Тень отплыла, не касаясь земли ногами. Говорят, в легендарной земле Ниппон у призраков вообще нет ног. По этому и узнают там призраков, и по барсучьему хвосту. То ли оборотней. Какие мысли только не приходят в голову копателю могил… Скелет засмеялся. Он и так скалился – все зубки наружу, а стало еще гаже. Костяк легкий, женский. Одного взмаха лопаты хватит, чтобы перебить позвоночник. Алесь не знал Северины при жизни. И слава Богу, что не знал. Не самое приятное знакомство. От нее ли, от могилы – так и несло холодом.
– Отойди, я сказал.
Она опять хихикнула. Ума смерть не прибавляет.
Алесь поставил на край могилы кубок:
– Теперь подходи. Медленно. Без лишних движений.
Она послушалась. Жидкость в кубке манила. Даже больше, чем живая кровь.
– Пей. А я буду читать "приходную".
Скелет встал на колени, низко наклонился…
– О черт! – Ведрич вскочил, позабыв, что лучше держаться за крест. Навка кричала. Пахло паленым. Обугливались кости, схватившие серебро. Как она кричала.
– Черт, черт!! Дурак!
Мягкая земля предательски подалась под ногами, Алесь полетел головой вперед.
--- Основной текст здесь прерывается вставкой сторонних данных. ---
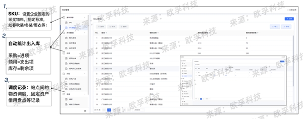 歐孚科技運(yùn)用低代碼技術(shù)搭建了“物資進(jìn)-出項“管理模塊。該模塊包括搭建SKU庫,對物資物料進(jìn)行統(tǒng)一定義;配置采購調(diào)度的表單公式,使區(qū)域站點能根據(jù)實際領(lǐng)用情況進(jìn)行填寫;根據(jù)各站點領(lǐng)用數(shù)據(jù),快速統(tǒng)計物料成本并進(jìn)行庫存盤點管理。

И потерял сознание.
В темноте звучали глупое совсем хихиканье и шепот, вередили больную голову. Алесь с трудом поворотил ее – из-за полога сверкнула свечка, отразилась в низком окне, а по стеклу его, затуманенному сумерками, сыпанула шрапнель дождя. "Дурак, черт," – Ведрич застонал. Хихиканье стихло. Прошуршали шаги, запахло духами, и на лоб шмякнулась насквозь мокрая тряпка. Потекло по щекам и за шиворот. Похоже, за него взялись по всем правилам медицины.
– Антя! – девица хихикнула. – Ты что! Он же, как мышь под веником.
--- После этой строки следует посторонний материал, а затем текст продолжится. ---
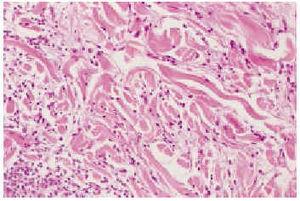 Los hallazgos histológicos eran similares en todos los casos: un moderado infiltrado linfohistiocitario intersticial localizado en la dermis superficial con fibras de colágeno degenerado (figs. 3 y 4). También se observó depósito de mucina entre la necrobiosis.

Вторая, смутная Антя, росточком повыше и станом стройнее, шикнула. Метнулись две черные тощие косы.
– Девочка с косой, витязь молодой… – пропело вредное создание и отскочило. Дождик достался Алесю.
– Простите, ради Бога, – девушка усердно вытирала ему лицо. Болеть резко переставало нравиться.
– Где я? – спросил Алесь банально. Ничего другого в голову не пришло. Конечно, можно было схватиться за тонкую – почему-то мыслилось, тонкую – кисть с душераздирающим стоном: – Пи-ить…
Но такое казалось еще глупее.
– Антя, ты что, язык проглотила?
– Замолчи, Юлька! Простите, паныч, она у меня глупышка.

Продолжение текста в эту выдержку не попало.